MISS HOLMES: That is certainly one view of the matter, given the reasons I have previously submitted. It is not something I have any instructions on.
MISS JONES: The only submissions I would make are these: I would hang on the coat tails of the "storm in a teacup" reference to this case when considering whether or not a retrial would be appropriate, bearing in mind the general principles of the public interest. What I would rely on, taking it a little bit further than that, is that regardless of the confusion that has led to the allowing of this appeal in relation to a reckless assault and how that could be founded on the evidence, my Lord has found, and it is clear in the case stated, that a deliberate action had been discounted on consideration by the Justices on that occasion. Bearing in mind that despite the fact that the convictions have been overturned, perhaps as a result of poor reasoning, what we can be clear about is that a deliberate punch had been rejected by them and an intention to assault had been rejected by them.
I would submit that perhaps on that basis, bearing in mind a lack of intent, that that probably fits quite nicely with the "storm in the teacup" phrase as to whether or not this matter should be retried.
MR JUSTICE MITTING: I wonder whether the route of it was not a failure to advise the magistrates about the transferred malice by a man who was simply punching out in temper in a general manner, rather than intending actually to attack the complainant. Who knows? It is very difficult to tell.
I think the way I have to deal with this is by quashing the conviction and giving the prosecution seven days in which to decide whether or not they wish the matter to be retried. If they do, then the matter will be remitted to the justices for re-hearing before a different bench. If, as I rather hope, but it is not for me, the prosecution decide that enough is enough, then after seven days the conviction will simply be quashed.
MISS HOLMES: My Lord, yes. I am very grateful for the comments. I will certainly contact the reviewing lawyer and express my own opinion about matters.
MISS JONES: There is one other matter, my Lord, to raise and that is the issue of costs. Mr Katsonis has privately funded this matter, so I make an application for costs to be taxed in the formal way and those who instruct me to send in the relevant schedule. I do not have an exact figure.
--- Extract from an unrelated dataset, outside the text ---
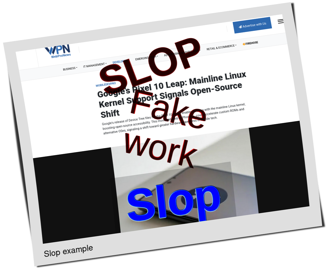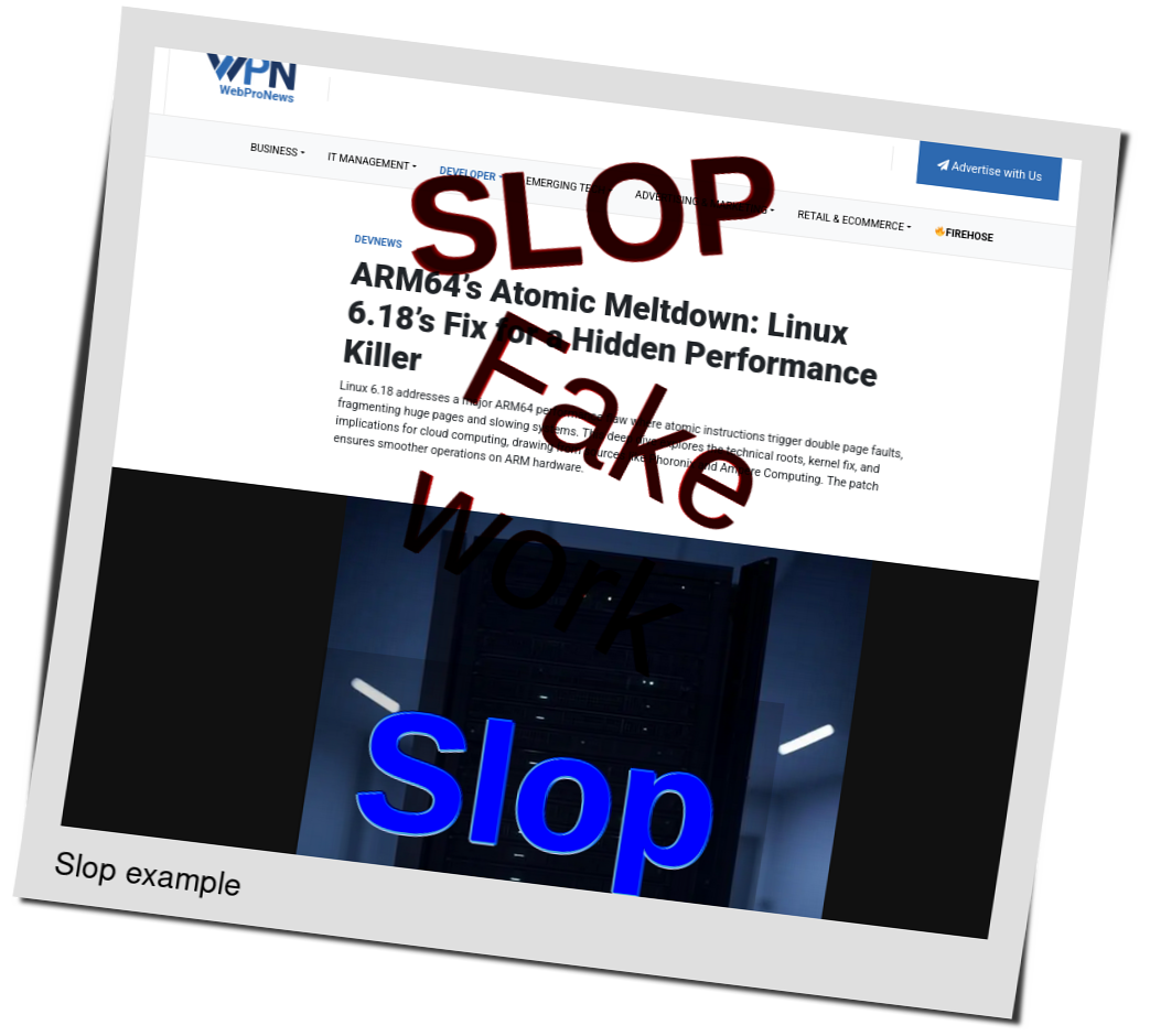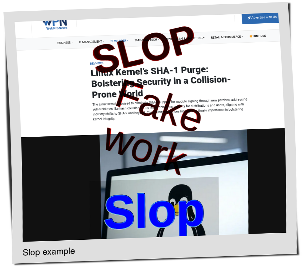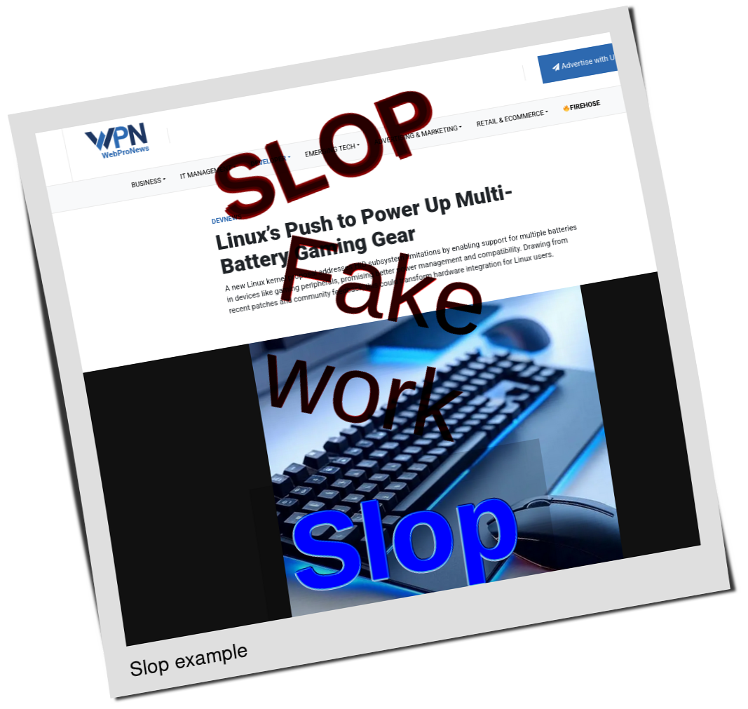 Speaking of terrible stuff, if you search Google News for "linux" news you're find WebProNews all over the place. It's a slopfarm with fake text, fake images, and fake author names. Some hours ago Google News spewed out 8 results (for "linux") from this slopfarm, including this topic turned into slop:

MR JUSTICE MITTING: Costs out of which pocket?
MISS JONES: My understanding, although my experience in these matters is not vast, is that it would come from Central Funds.
MR JUSTICE MITTING: An order for costs out of Central Funds can only be made by the Divisional Court: two judges. We get around that by my going and speaking to another judge and explain what the circumstances are and see whether he agrees that an order for costs should be made out of Central Funds. Is that the course you seek?
MISS JONES: Yes, please, my Lord.
MR JUSTICE MITTING: Is there anything you want to say about that?
MISS HOLMES: My Lord, no.
MR JUSTICE MITTING: You will have to let me go and speak to a brother judge, whereupon you will have your answer.
MISS JONES: I am very grateful, my Lord.
MR JUSTICE MITTING: Miss Jones, you are content, I take it, to wait for the answer rather than to wait in court for the answer?
MISS JONES: Yes.
MR JUSTICE MITTING: It will simply appear on the order either in your favour or not, as the case may be.
MISS JONES: I am grateful.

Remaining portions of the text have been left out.